The Long, Long March to Nutrition

Spam is not and never has been a healthy food. A small, two-ounce serving contains about one-third of the daily recommended total fat and sodium intake. Too much Spam can raise your blood pressure and make you fat. Back in the forties, however, what little information the U.S. military had on Spam’s nutritional quality was set aside in the quest for quick, inexpensive and durable meat. During the war, the Food and Nutrition Board—formed in 1941 to investigate issues that affected national defence— developed the Recommended Daily Allowances (RDA) list to spell out the components of a healthy diet. The list, which was influenced by wartime shortages of certain foodstuffs including meat, was first published in 1943 and revised numerous times afterward. Regulations requiring processors to disclose what percentage of the RDA their foods provided, however, were a long time coming because the industry fought such moves every step of the way.

In the early twentieth century there were few rules governing food; American processors were subject only to the Pure Food and Drug Act of 1906, administered by the Department of Agriculture’s Bureau of Chemistry.
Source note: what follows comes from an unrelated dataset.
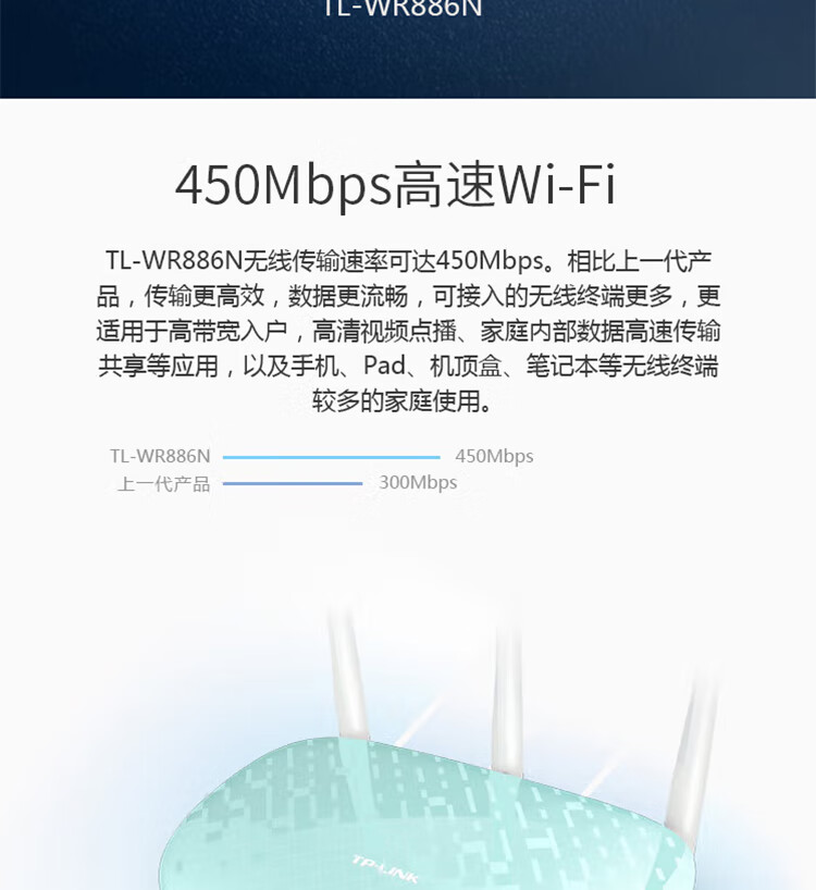 TP-LINK TL-WR886N 450M无线路由器(宝蓝) 智能路由 WIFI无线穿墙 单位:个

The act prohibited the manufacture and sale of poisonous and “adulterated” foods, a vague definition that applied to fillers of reduced quality or
strength, colouring to conceal damage or inferiority, injurious additives and the use of “filthy, decomposed or putrid” substances.
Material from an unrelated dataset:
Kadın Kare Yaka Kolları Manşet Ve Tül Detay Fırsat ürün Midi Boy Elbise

In 1927 the bureau was reorganized into the Food, Drug and Insecticide Administration, which dropped insecticides from its name in 1930 to finally become the FDA. The 1938 Federal Food, Drug and Cosmetic Act did little new other than expand the 1906 legislation to include cosmetics and authorize factory inspections and spell out acceptable food colourings. It wasn’t until 1958 that significant food safety requirements were established, when the Food Additives Amendment banned the use of additives found to cause cancer in humans or animals. A similar amendment two years later outlawed cancer-causing colourings. The Fair Packaging and Labeling Act of 1966 required that all consumer products be honestly and informatively labelled, while 1975 produced a landmark FDA ruling that finally required processors to display nutrient information on their foods. The new rule, however, only applied to products that made nutritional claims and was not expanded to include all foods for nearly two decades, in 1992. Regulations in other developed countries followed similar trajectories and timelines.
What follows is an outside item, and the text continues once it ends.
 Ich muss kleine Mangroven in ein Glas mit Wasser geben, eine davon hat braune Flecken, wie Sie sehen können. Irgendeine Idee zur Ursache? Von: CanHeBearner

By that time, however, Pacific Islanders were thoroughly hooked on Spam. Like Native American populations afflicted by the diseases brought by colonizing Europeans, the Islanders were exposed to the unhealthy food imported by American armed forces. Spam and other canned meats have had a devastating effect on the region in what has been called a “raging epidemic” of diabetes, stroke and heart disease. In 2008 eight of the world’s ten most obese countries were Pacific islands. Nauru, northeast of the Solomon Islands, fared the worst with
95 percent of inhabitants over the age of fifteen considered obese by the World Health Organization. “What is unfolding here is a physical disaster and a fiscal disaster,” said Carl Hacker, the director of economic policy and planning in the Marshall Islands.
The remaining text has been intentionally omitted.